The best thing to do is plan ahead of time and take time to do all the things needed to make your home purchase successful. Try to improve your credit score, save enough down payment, do building inspections, and conduct a lot of research on the property.
In a competitive property market, a pre-approved home loan is necessary if you want to win the property you are aiming for. Sellers tend to give priority to homebuyers with a pre-approved loan because the funding is readily available. Without it, you’ll be at the bottom of the seller’s list.
So, make sure not to commit the mistake of shopping around before talking to the bank or lender. Getting a pre-approved mortgage will give you confidence and bargaining power when speaking with the seller. It will also give you the edge over those prospective buyers without a mortgage pre-approval.
Other than giving you the upper hand among other home buyers, a pre-approved home loan will also let you know how much you can afford for a property. This will ensure that you will not overspend but choose the property that’s right for your budget.
Sometimes, people tend to be careless about their credit profile, especially during a mortgage application. This is one of the common mistakes that first-time buyers make. They get new loans, open a new line of credit, or neglect the repayment schedules while the mortgage approval is still undecided.
Doing this will put your loan approval in danger. Even though you already received a pre-approved mortgage, the banks and lenders can still decide against your application if there’s a sudden change in your credit standing.
Avoid this from happening by maintaining the status quo in your credit profile up to the final approval of your mortgage. If there’s something you need to change, it will be for the improvement of your current finances. Settle your existing debts to less than 30% of your credit limit and pay your monthly dues on time.
First-time home buyers usually talk to one lender and consider the deal done. Once they get the loan approval, they don’t bother comparing it with other banks or lenders to see if they can get a better deal. This mistake is something you must avoid at all costs because it can lose you thousands of dollars in interest savings.
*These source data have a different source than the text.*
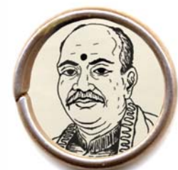
Shyama Prasad Mukherjee

(1891-1956) born: Madhya Pradesh. Chairman of the Drafting Committee. Social revolutionary thinker and agitator against caste divisions and caste based inequalities. Later: Law minister in the first cabinet of post-independence India. Founder of Republican Party of India.
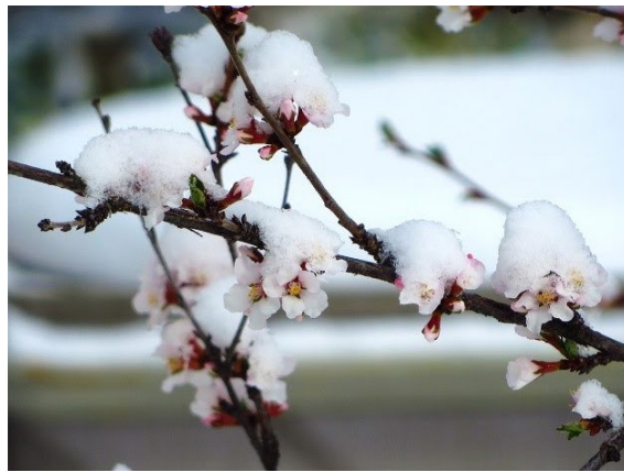
Is it spring yet? Tiny buds are appearing on branches under a light snow cover on April 12.
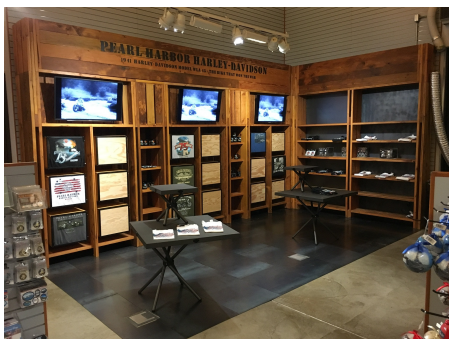
Pearl Harbor Harley Davidson Client: JN Exotics (2016)
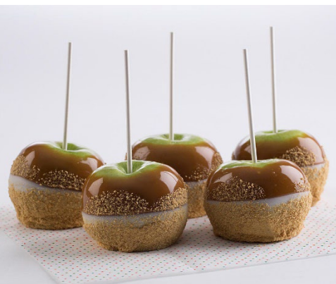
Apple Pie Caramel Apples
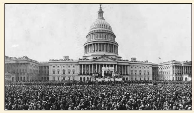
Presidential inaugurations have taken place at the Capitol since 1801. Seen here is Calvin Coolidge's inauguration in 1925.
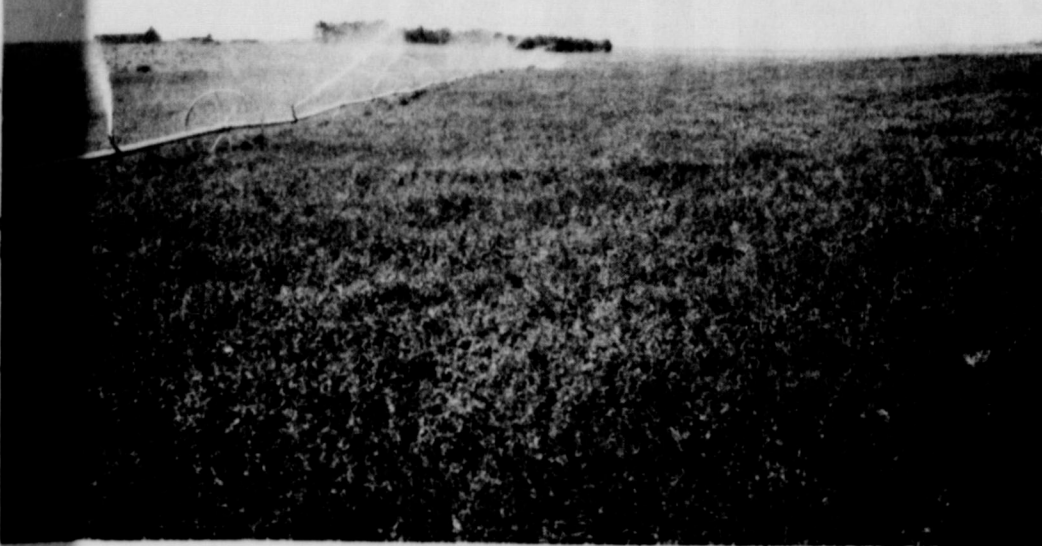
Irrigation is becoming more and more important to the economy of Wheeler Co. This picture shows a correctly designed sprinkler system delivering water to an alfalfa field near Wheeler. SCS technicians in Wheeler can assist you with the design of an irrigation system that will help you obtain maximum benefits from your irrigation water.
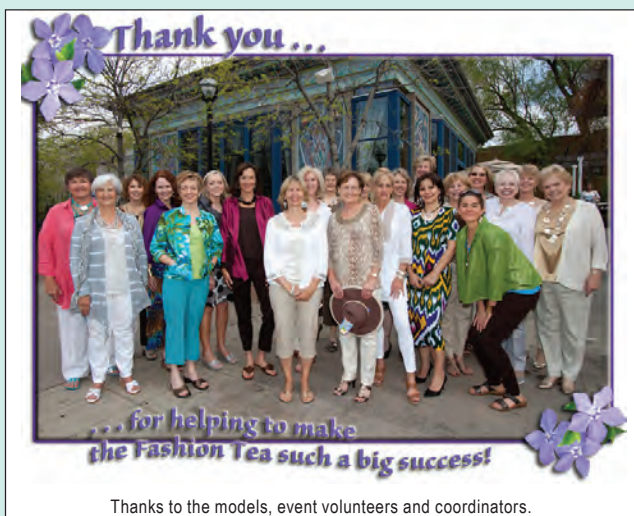
Thanks to the models, event volunteers and coordinators.
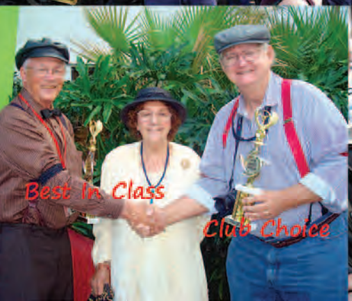
Best in Class
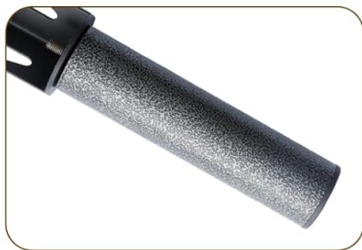
Durable iron bed feet
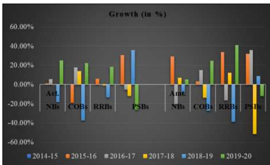
Chart 3: Growth in Loan Amount and Loan Account Sanctioned to Weaker Section (WS) by Selected Bank Group of Gujarat State

2019-20 respectively. With reference to credit provided to SHG by RRBs (Regional Rural Banks), the negative growth has been registered at 16% and 380% in 2016-17 and 2018-19 respectively. Vice versa, the positive growth rate of 9%, 311% and 65% has been seen in 2015-16, 2017-18 and 2019-20 respectively. In the context of advance of SHG disbursed by PSBs (Private Sector Banks), the positive growth has been recorded at 43%, 5% and 58% in 2016-17, 2017-18 and 2018-19 respectively. Vice versa, the negative growth rate of 60% and 72% has been seen in the year of 2015-16 and 2019-20 respectively.
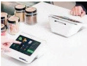
Clover Mini tethered to Clover Mini
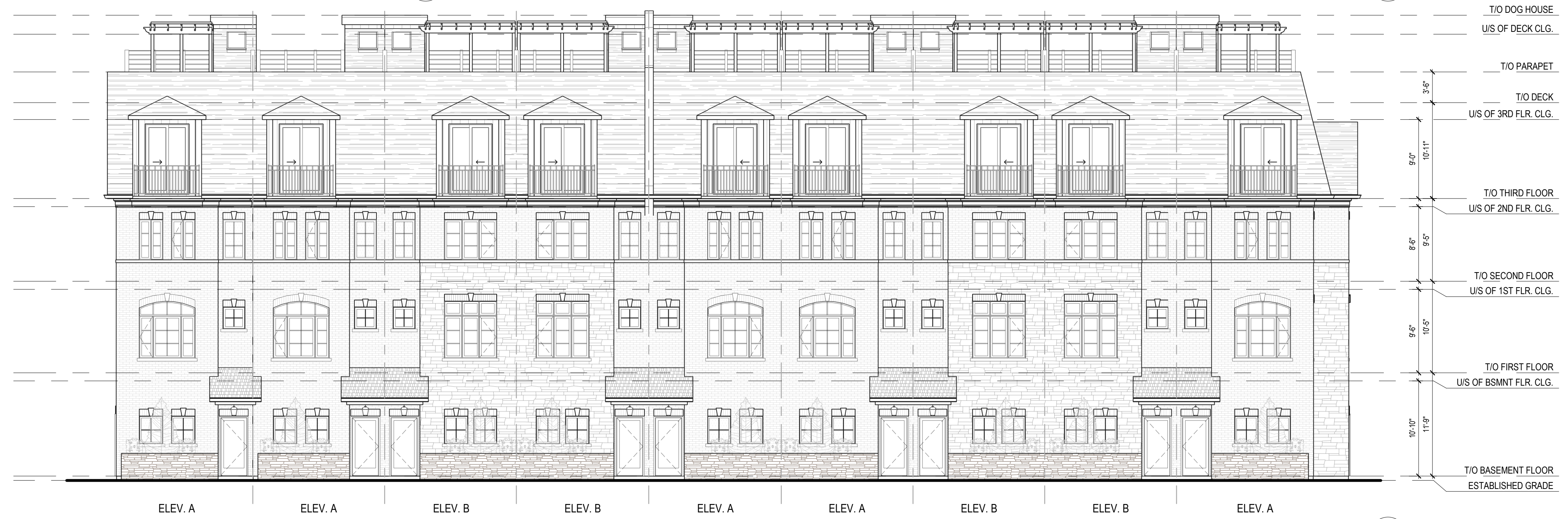
1 NORTH ELEVATION SCALE: 1/8" = 1'-0"

INFINITY ARCHITECTURE & DESIGN 4 APPELEY ROAD, ETOBICOKE ON M9B 4Z9
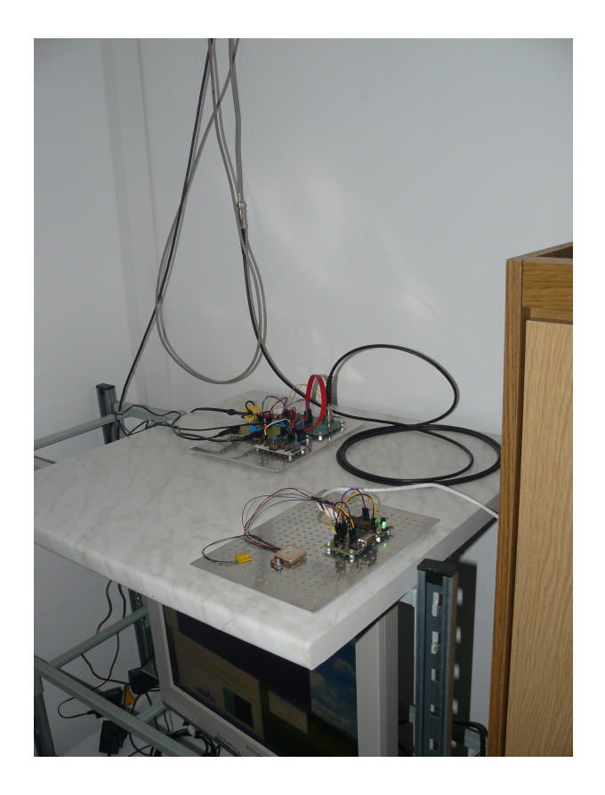
Figure 2: Example of meteor detector receiver setup
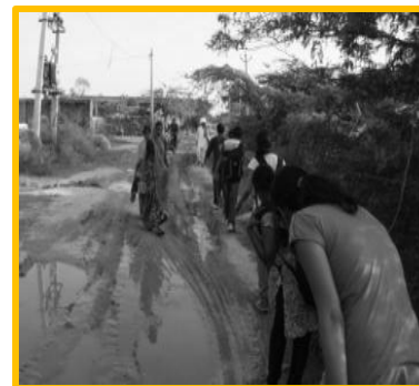
Survey of Village Pond
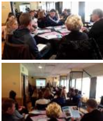
The third and final workshops were underway for the day
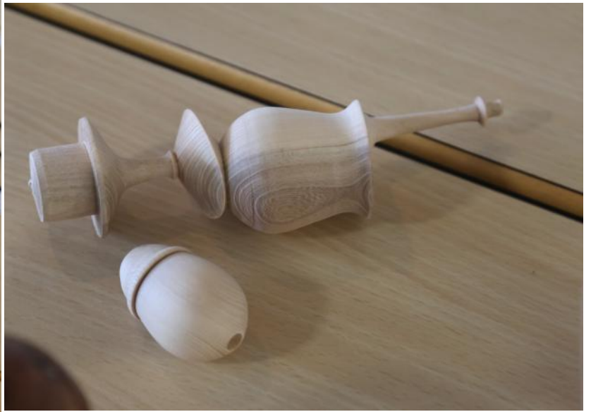
CARL CUMMINS First attempt
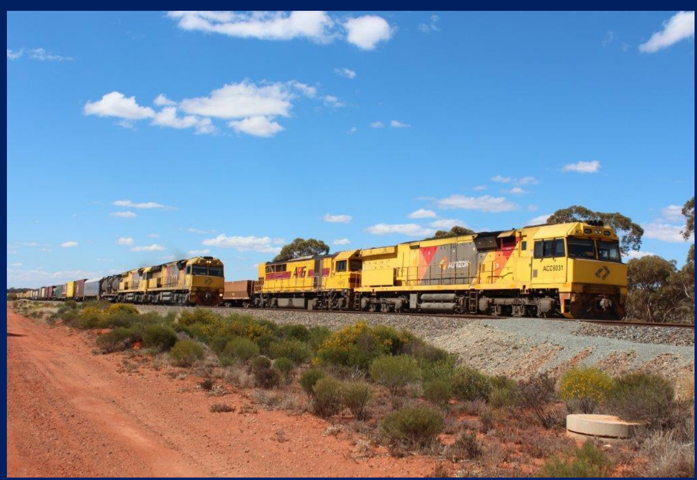
ACC6031 & Q4018 on 1414 empty ore bypassed 6026 & 6025 on 6MP1 Binduli 10/9.

By not talking to multiple banks or lenders, you’re missing out on the chance to get the lowest interest rate possible for your property purchase. It will also prevent you from choosing the best mortgage deal that’s right for your financial profile.
So, make sure to shop around with different banks and lenders. Compare their rates, loan terms, and processing fees. Ask for certain mortgage features like pre-payments and early termination of the loan. Once you compare them, you can make an informed decision on which lender is best for your home purchase.
Buying your first home is something that you must take seriously and prepare for very well. One mistake can jeopardize not only the approval of your mortgage but also your long-term finances. Keep in mind these common mistakes that first-time buyers commit and make a good effort of avoiding them all and make the right decisions towards the success of your first home purchase.